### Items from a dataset
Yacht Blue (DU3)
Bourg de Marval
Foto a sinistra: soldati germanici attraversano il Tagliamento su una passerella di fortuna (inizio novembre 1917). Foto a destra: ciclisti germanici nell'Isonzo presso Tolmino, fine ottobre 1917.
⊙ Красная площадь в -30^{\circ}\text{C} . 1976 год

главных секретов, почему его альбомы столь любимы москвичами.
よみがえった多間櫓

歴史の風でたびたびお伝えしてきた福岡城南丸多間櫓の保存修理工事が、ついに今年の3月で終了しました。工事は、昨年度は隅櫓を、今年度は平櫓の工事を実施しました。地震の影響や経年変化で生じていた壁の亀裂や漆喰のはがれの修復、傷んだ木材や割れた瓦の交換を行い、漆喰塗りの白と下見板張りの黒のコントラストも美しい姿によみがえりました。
---
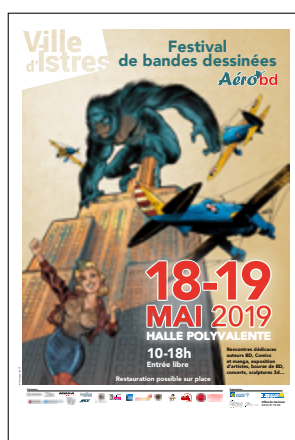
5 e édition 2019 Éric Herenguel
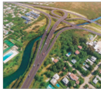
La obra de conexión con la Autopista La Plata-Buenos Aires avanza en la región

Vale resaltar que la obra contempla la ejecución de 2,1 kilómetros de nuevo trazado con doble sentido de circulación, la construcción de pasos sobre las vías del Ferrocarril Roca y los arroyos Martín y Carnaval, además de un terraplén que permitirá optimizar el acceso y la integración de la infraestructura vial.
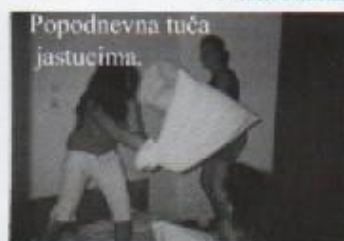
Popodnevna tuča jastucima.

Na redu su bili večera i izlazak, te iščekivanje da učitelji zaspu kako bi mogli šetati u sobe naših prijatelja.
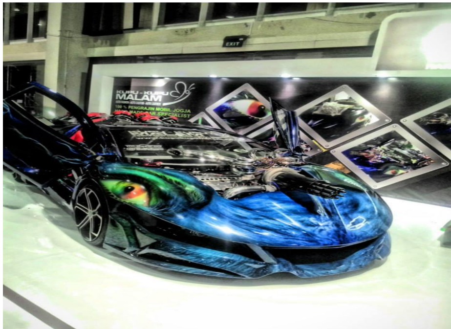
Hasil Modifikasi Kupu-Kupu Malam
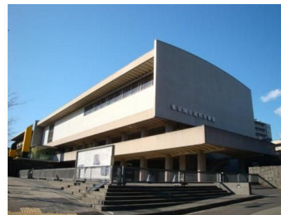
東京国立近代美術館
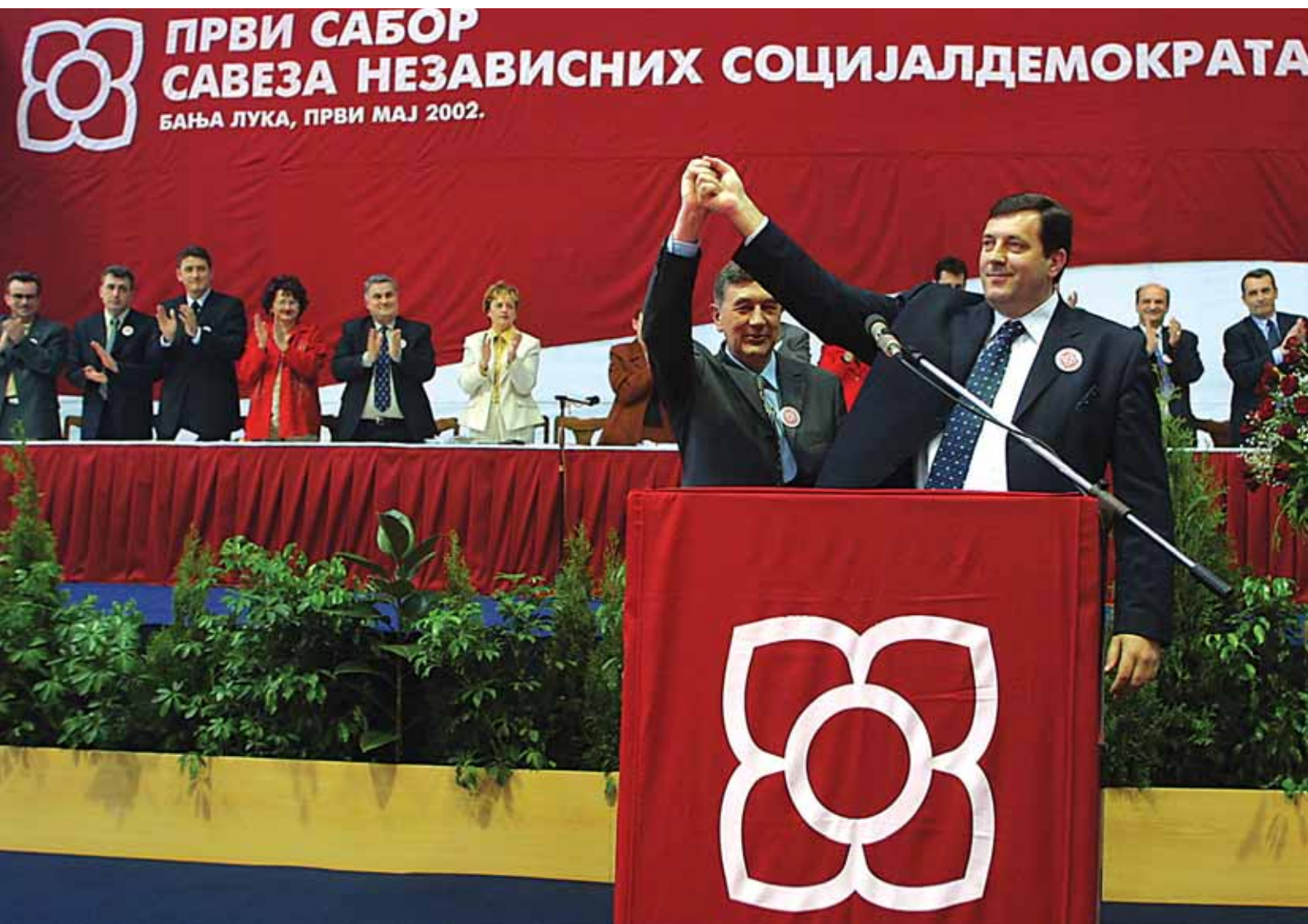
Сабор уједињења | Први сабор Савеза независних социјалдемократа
--
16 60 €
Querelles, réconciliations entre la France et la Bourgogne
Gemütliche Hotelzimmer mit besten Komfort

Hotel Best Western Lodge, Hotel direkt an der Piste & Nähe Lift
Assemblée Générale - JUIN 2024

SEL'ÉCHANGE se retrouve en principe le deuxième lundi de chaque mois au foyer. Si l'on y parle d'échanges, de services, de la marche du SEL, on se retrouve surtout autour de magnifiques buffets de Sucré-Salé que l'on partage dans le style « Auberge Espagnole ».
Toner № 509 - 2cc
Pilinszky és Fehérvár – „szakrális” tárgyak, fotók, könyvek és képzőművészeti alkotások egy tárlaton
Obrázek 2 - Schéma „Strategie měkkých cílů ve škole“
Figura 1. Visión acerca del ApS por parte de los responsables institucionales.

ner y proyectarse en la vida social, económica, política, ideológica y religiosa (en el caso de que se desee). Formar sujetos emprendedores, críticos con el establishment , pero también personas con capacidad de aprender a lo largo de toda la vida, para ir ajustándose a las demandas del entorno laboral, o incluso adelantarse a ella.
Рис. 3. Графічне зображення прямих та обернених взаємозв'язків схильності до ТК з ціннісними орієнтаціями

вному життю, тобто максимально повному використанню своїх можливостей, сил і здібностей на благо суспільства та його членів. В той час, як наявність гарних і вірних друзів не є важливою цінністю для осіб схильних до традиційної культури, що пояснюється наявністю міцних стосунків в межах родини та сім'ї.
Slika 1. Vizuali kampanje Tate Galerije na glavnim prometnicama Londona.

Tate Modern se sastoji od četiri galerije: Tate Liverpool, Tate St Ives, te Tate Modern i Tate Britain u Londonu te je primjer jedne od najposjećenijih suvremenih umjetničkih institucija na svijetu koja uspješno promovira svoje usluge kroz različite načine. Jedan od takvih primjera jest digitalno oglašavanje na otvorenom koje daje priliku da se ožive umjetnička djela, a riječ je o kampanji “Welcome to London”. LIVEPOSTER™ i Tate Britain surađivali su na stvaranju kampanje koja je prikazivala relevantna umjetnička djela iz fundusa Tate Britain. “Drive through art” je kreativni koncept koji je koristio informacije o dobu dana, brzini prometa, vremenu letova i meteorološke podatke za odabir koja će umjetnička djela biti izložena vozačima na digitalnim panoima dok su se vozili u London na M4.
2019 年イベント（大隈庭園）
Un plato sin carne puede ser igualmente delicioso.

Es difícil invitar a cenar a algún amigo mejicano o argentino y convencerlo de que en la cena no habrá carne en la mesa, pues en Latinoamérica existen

### Task goal
Within the data above, the lines from the one with "Yacht Blue (DU3)" to the one with "Foto a sinistra: soldati" must be repeated exactly; no other line belongs in the answer.

### Task response
Yacht Blue (DU3)
Bourg de Marval
Foto a sinistra: soldati germanici attraversano il Tagliamento su una passerella di fortuna (inizio novembre 1917). Foto a destra: ciclisti germanici nell'Isonzo presso Tolmino, fine ottobre 1917.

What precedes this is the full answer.